Noble Academy is an independent day school in Greensboro, North Carolina. The school exclusively serves students with diagnosed learning disabilities or learning differences such as Attention Deficit/Hyperactive Disorder (ADHD) or Central Auditory Processing Disorder (CAPD). Noble Academy's mission is to empower students with learning differences to pursue their highest potential within a comprehensive, supportive educational environment.

History 

Noble Academy was founded in 1987 under the name "Unlimited Learning" by Ginger Parnell and Rita Rice as a testing and tutorial service in Greensboro. In 1990, the school changed its name to Guilford Day School and adopted the Knight as the school mascot. In 1992, the school relocated to its current property on Horse Pen Creek Road. In 2010, the school went through a re-branding process that recommended that the school change its name. Based on feedback from students and parents, the Knight was kept as the school mascot, and the name was changed to Noble Academy to align with that symbolism. In 2012, Noble Academy opened a new building for its Upper School (6th–12th grades), allowing its Lower School to expand within the previous building.
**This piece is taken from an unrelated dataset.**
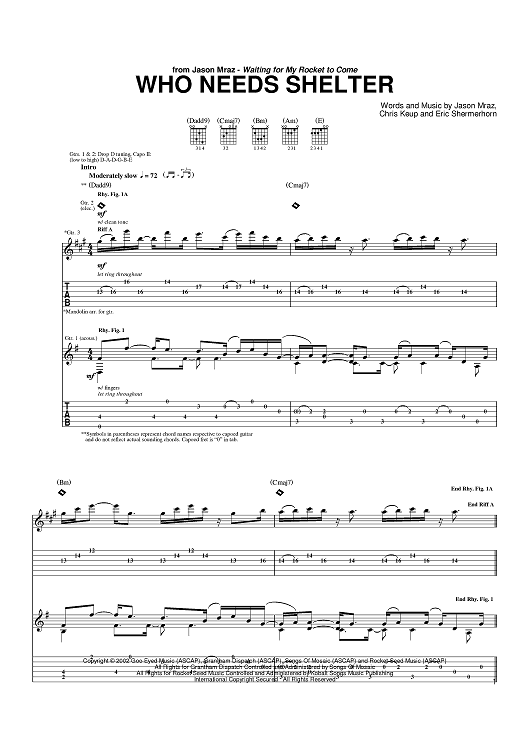 Digital Sheet Music for Who Needs Shelter by Chris Keup, Eric Shermerhorn, Jason Mraz scored for Guitar Tab; id:384680

The school is accredited by the Southern Association of Independent Schools.

Programs 

In addition to its college prep curriculum following the North Carolina standard course of study, Noble Academy offers a variety of opportunities to its students:

Noble Academy is a SMART Showcase school, and has SMART interactive whiteboards in all of its classrooms.  The technology is used extensively within the classroom.

Noble Academy is a full day school program that includes visual and performing arts as electives as well as extracurricular activities and a year-round athletics program.  Sports offered include soccer, basketball, volleyball, golf, cross country, flag football, and eSports.